Google Groups no longer supports new Usenet posts or subscriptions. Historical content remains viewable.
Dismiss

check for Gaussianity in high dimensional data sets

3 views
Skip to first unread message

Yan Tian

unread,
Dec 23, 2009, 2:25:46 PM12/23/09
to
Hi,

I have a sample data matrix X with d features (rows) and n samples
(columns). I want to check if X comes from a Gaussian

Distribution with unknown mean and covariance. The dimension of the
features is several order or magnitude larger than the columns (sample
covariance is rank deficient).

Does anybody knows some tests to check for Gaussianity in high
dimensional data sets? How do I know if my sample follows a Gaussian
distribution?

Thanks.

Rich Ulrich

unread,
Dec 23, 2009, 7:04:19 PM12/23/09
to
On Wed, 23 Dec 2009 11:25:46 -0800 (PST), Yan Tian
<tiany...@gmail.com> wrote:

>
>I have a sample data matrix X with d features (rows) and n samples
>(columns). I want to check if X comes from a Gaussian

- not really important, but almost everyone describes
features in columns and separate cases in separate rows...

>
>Distribution with unknown mean and covariance. The dimension of the
>features is several order or magnitude larger than the columns (sample
>covariance is rank deficient).
>
>
>
>Does anybody knows some tests to check for Gaussianity in high
>dimensional data sets? How do I know if my sample follows a Gaussian
>distribution?
>

Extract principal components and apply univariate tests.

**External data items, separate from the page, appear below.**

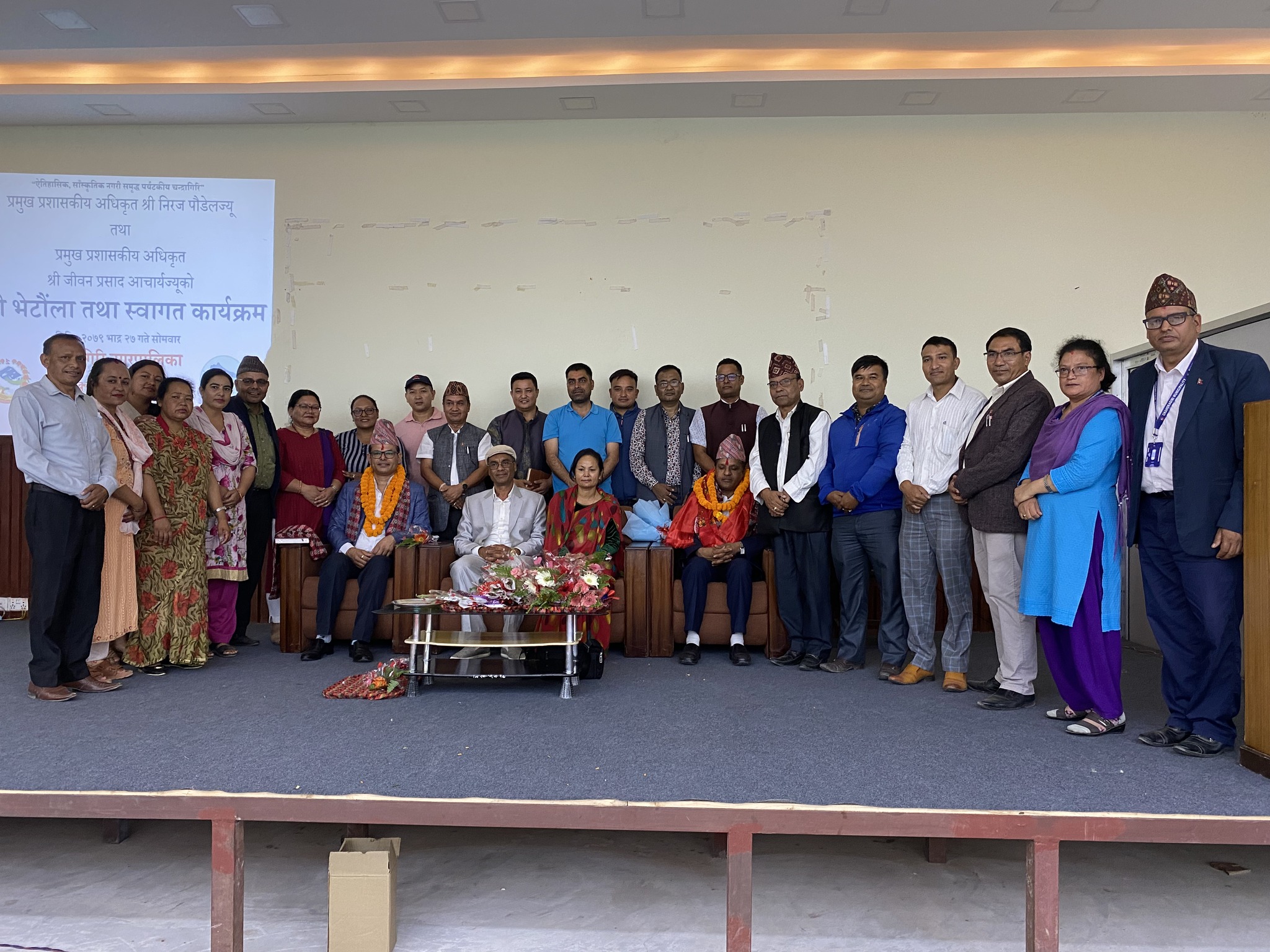 हालका प्रमुख प्रशासकीय अधिकृत निरज पाैडेलको रामेछाप नगरपालिकामा सरूवा भएपछि उहाँको स्थानमा जीवन प्रसाद आचार्यले सोमबार कार्यभार सम्हाल्नु भएको छ । सोमबार नै नगरपालिकाले फेरि स्वागत तथा भेटाैंला कार्यक्रम आयोजना गरि प्रमुख प्रशासकीय अधिकृत निरज पाैडेलको बिदाई गरि प्रमुख प्रशासकीय अधिकृत जीवन प्रसाद आचार्यको स्वागत गरेको छ ।
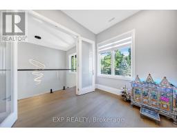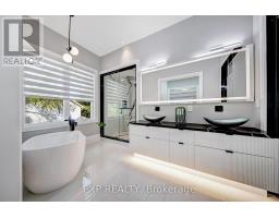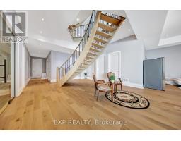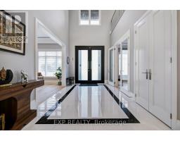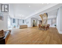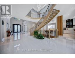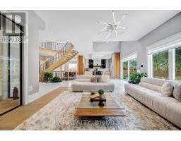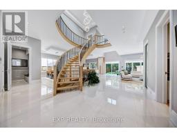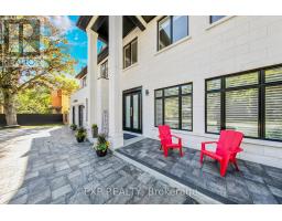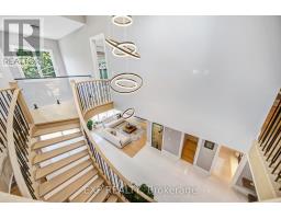 Welcome to 150 Wolfdale Avenue. Entertainers dream home, built by Ambassador Fine Custom Homes in 2023 fall, on a 0.36 acres in Southwest Oakville, south of Lakeshore Road. With 7276 square feet of living space on all three levels, this home perfectly combines sophisticated luxurious design with quality construction to create the ultimate package. The main floor is beautifully designed with exquisite detail radiant heated large porcelain tiles. The near 11-foot ceilings provide an open-airy feeling throughout. No estate home would be complete without a grand foyer and and this home has just that with 22 -foot ceilings, center of the house with 24-foot ceilings with large skylight allowing the entire house to be flooded with natural light while also highlighting the stunning hanging circular staircase beneath. Built-in wine cellar storage for over 180 bottles. The kitchen is a show piece with stunning 10-foot waterfall island, quartz slab backsplash and two-toned cabinetry and top-of-the-line Wolf ,Sub-Zero & Miele appliances. The kitchen/great room combination is designed for large scale entertaining with it being open concept to the dining room. A tucked away mud room, walk in closet with custom shelving & an elegant custom powder room are the perfect spaces to keep your family organized while providing inside access to both the garage and rear yard. Main floor you find your primary home office with front yard views. Elevator besides mud area travels all 3 floors for convenience of movement. The upper hallway stops you with a beautifully vaulted ceiling, skylights. Primary bedroom is located across the rear of the home taking in the best views of the backyard with ample natural light. The open concept walk-in closet with a skylight complements the primary ensuite, is a beautiful combination of rich tones to create the ultimate spa oasis. 3 additional bedrooms, Laundry & Library are found upstairs, each one uniquely decorated & appointed with closets and ensuites. (id:61594)
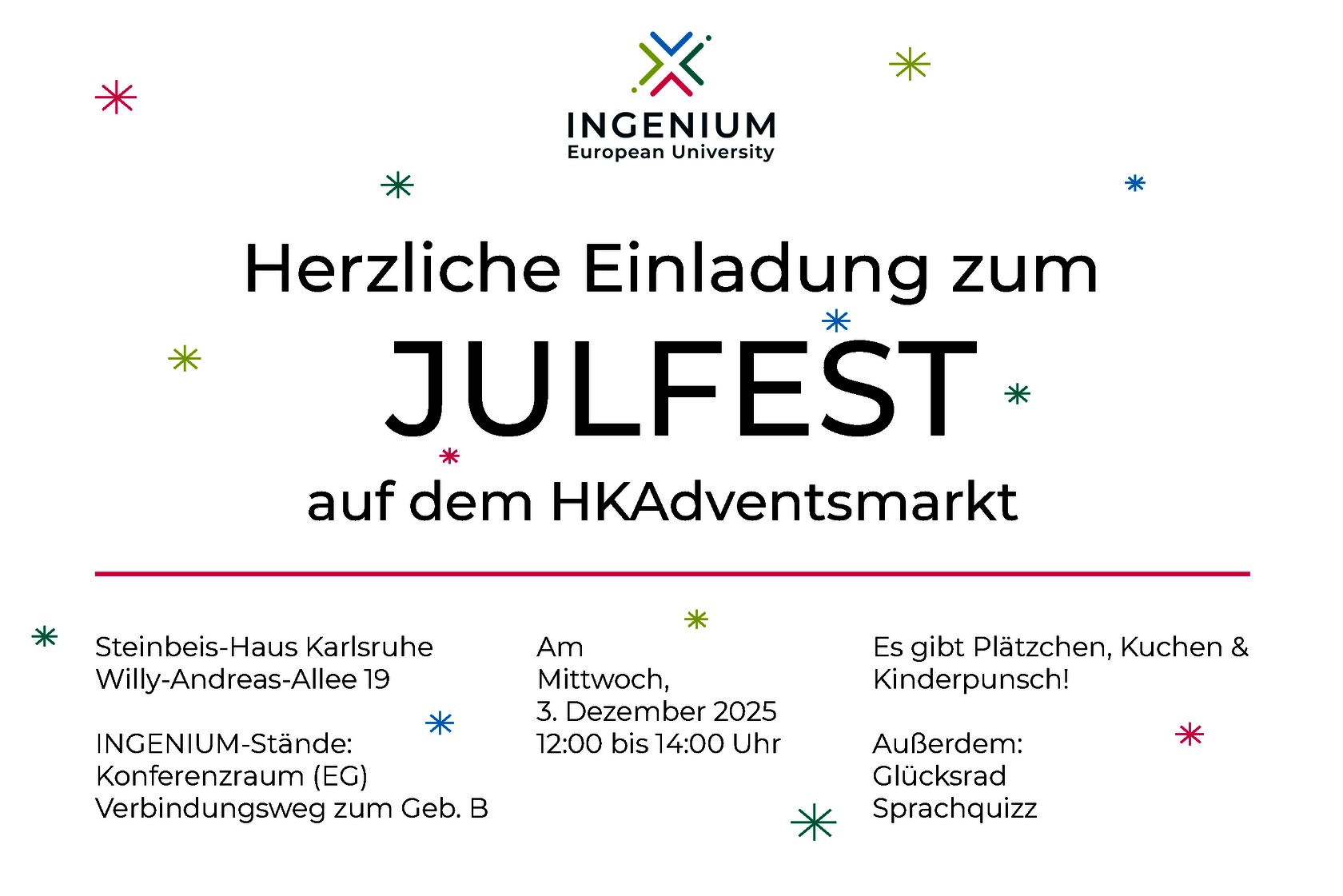 Im Rahmen des HKAdventsmarkts am 3. Dezember feiern wir auch das INGENIUM-Julfest und möchten Sie dazu herzlich einladen.

The really obvious question here is, "What is your purpose?"

Almost nothing is really Gaussian (Normal) if your N can be
large enough for a powerful test. Fortunately, that hardly
ever matters.

Backing up a step, do you really need Normality, or do you
want to know that you have robustness for statistical testing?
- "outliers" are the most common destroyer of robustness, followed
by other sources of heterogeneity of variance.
- The requirement for "normality" in OLS testing is something that
is applied to the residuals. Normality in the variables is more
likely to be a good convenience along the way, than a technical
requirement.

Are you looking for outliers to drop, or for recommendations for
transformations, or is this critical to your theory in some other
fashion? Plotting important Components or variables against
each other is often informative if you are accustomed to looking
at such scatterplots.

--
Rich Ulrich

0 new messages